In contrast, recent diagnoses for progressive neurological disease (including dementia) were predictive of higher contact counts. Mode of arrival is a known predictor of disease severity and health outcomes. Here, it was apparent that private transport was linked to fewer healthcare inputs in the hospital, while arrival via ambulance indicated higher contacts. Attendance to RIE was likely to influence lower overall contacts, while attendance to SJH was likely to influence higher than average contacts, particularly when staying in hospital for more than 48 h. Among the lab tests, C-reactive protein (CRP), Urea and Creatine Kinase (CK) were the most prominent predictors. In this case, elevated CK or CRP (as a result of tissue damage or inflammation), or elevated urea levels (as often seen in dehydration) were associated with having more healthcare contacts.
Discussion
We have described the clinical utility of an ML approach for predicting in-hospital healthcare contacts for patients from the point of ED attendance, developed entirely using routinely entered data. Forecasting for future healthcare contacts was feasible but had limited precision at the point of ED arrival, reaching moderate performance within 72 h of admission. Model agreement across care contact levels was limited, but certainty was greatest for those receiving the most care contacts. There was a notable generalisation gap across hospital sites, as the error rate was lower across timepoints in SJH, compared to RIE and WGH. The secondary models had excellent discrimination ability for in-hospital death and requirement for older adult specialist and rehabilitation services. Within 24 h of admission, 9 out of 10 individuals within the top decile of risk for requiring rehabilitation were correctly captured. We developed models for predicting flexible endpoints of in-hospital activity, covering relevant ageing, frailty and multimorbidity predictors captured during and before hospital admission. This identified the potentially hidden predictive utility of routine nursing risk assessments and blood tests measured at the critical points of patient movement through hospital and emergency services. Our approach demonstrates the potential of healthcare contacts forecasting while acknowledging the current limitations in routine healthcare data for care pathway optimisation, with the future aim to move from queue-based resource allocation to person-centred, data-driven approaches and reduce delays to accessing specialist care.

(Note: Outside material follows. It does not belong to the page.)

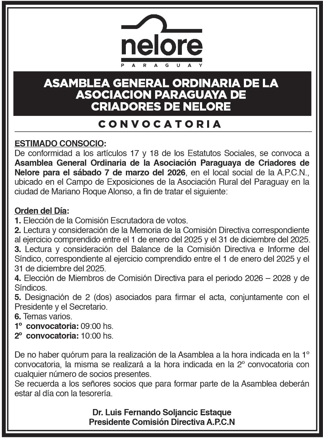 S.A. Se convoca a los Señores Accionistas a la Asamblea General Ordinaria de Accionistas que tendrá lugar el día 04 de marzo de 2026 en la sede social ubicada en Avda. Brasilia entre Tte. Villamayor y Tte. Insaurralde, de la ciudad de Asunción, a las 13:00 horas en primera convocatoria y las 14:00 horas en segunda convocatoria, para tratar el siguiente “Orden del Día”: 1. Elección de Presidente y Secretario de Asamblea. 2. Consideración de la Memoria Anual del Directorio, Balance General, Cuadro demostrativo de Pérdidas y Ganancias, Informe del Síndico y del Resultado del Ejercicio cerrado al 31 de diciembre de 2025. Tratamiento y distribución de utilidades. 3. Elección de los miembros del Directorio y elección de Síndico. Fijación de sus remuneraciones. 4. Designación de Accionistas para suscribir el Acta de Asamblea. Se recuerda a los señores Accionistas que deben depositar en las oficinas de la Sociedad sus acciones o certificados bancarios de depósito librados al efecto, con no menos de tres días hábiles de anticipación de la fecha fijada, conforme dispone el artículo 1084 del Código Civil. El Directorio./- 99500 -10/02/2026

Age, mode of ED arrival, nursing assessments (pressure damage and delirium risk) and laboratory tests (infection, tissue damage and dehydration) were among the top indicators of received healthcare contacts. This reflects a combination of chronic determinants of received healthcare and potential surrogates of acute illness. The Waterlow skin health score was the most prominent predictor for fewer contacts after 24 h of admission. A high risk of pressure ulceration often indicates underlying frailty and a limited functional baseline prior to the acute illness precipitating hospitalisation. While increasing nursing attention is clearly indicated, there may be limited scope for rehabilitation contacts in this population, as there may be no goal to regain or improve mobility. Delirium, a form of acute cognitive decline, was also associated with reduced contacts. This contrasted with dementia, where higher interactions were documented. This distinction between acute and chronic cognitive impairment is clinically meaningful, with patients suffering from delirium often unable to participate in rehabilitation until the acute driver for this condition settles. There may also be some competing risk here, given the high association between delirium and mortality, effectively reducing observed inpatient contacts in this group18.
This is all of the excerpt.